The Three Outcomes of All Communication
Talking to your kids isn't hard. But talking smart takes some forethought and a little practice. Communicating with children is an essential and important job of parents. Done well, it can bind a family together and prevent or heal many problems. Not done well, family life can be tense and confusing, and the child will venture into the world inadequately prepared to cope with all life has to offer.

Most parents overestimate the amount of meaningful conversation they have with their grade-school children. Recent findings at the University of Michigan showed that household conversation (just sitting and talking with children) had dropped nearly 100 percent in 1997 compared to 1981. One reason was that kids spent more time at before- and after-school activities, and family mealtime declined by an hour per week.

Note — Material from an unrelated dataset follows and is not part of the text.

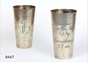 Verbindungsbecher, Rhenania ( Gravur: Rhenania i. /ver. Herrn Schede z. fr. Erg. Braunschweig S.S. 1896 , Rückseite ausgefallenes Monogramm ), Silber 800/000, ca. 91 g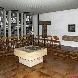 mit dem mystisch-blauen Licht des Tauffensters. In der Mitte des Raumes der Taufstein, der von Bildhauer Matt 1980 mit dem gestalteten Broncebecken vollendet worden ist. Reich an theologischen Aussagen stellt die Plastik aus einem Guss den Zug der Israeliten durchs Meer dar, angeführt von Mose mit dem wegweisenden Stab. Die vom Pharao angeführten Reiter verfolgen die aus der Knechtschaft Fliehenden.

Also, the time kids spent visiting with friends or talking on the phone tripled.

If you're like most busy parents, chatting with your children is brief and usually begins with one of the following:

"How did you sleep?" ("Fine...")
"How was your day?" ("Fine...")
"Where are you going?" ("Outside...")
"When will you be back?" ("Later.")
"What did you do at school today?" ("Nothing.")
"Did you finish your homework?" ("I didn't have any.")
"Stop that!" ("But she started it!")
"How many times have I told you..." ("Oh, Mom!")

For many parents, these comments and others just like them make up the bulk of conversation on most days. Whether parents realize it or not, any communication attempt will have one of three consequences:

1. It will bring them closer to their children.
2. It will start an argument.
3. It will lead to avoidance or withdrawal.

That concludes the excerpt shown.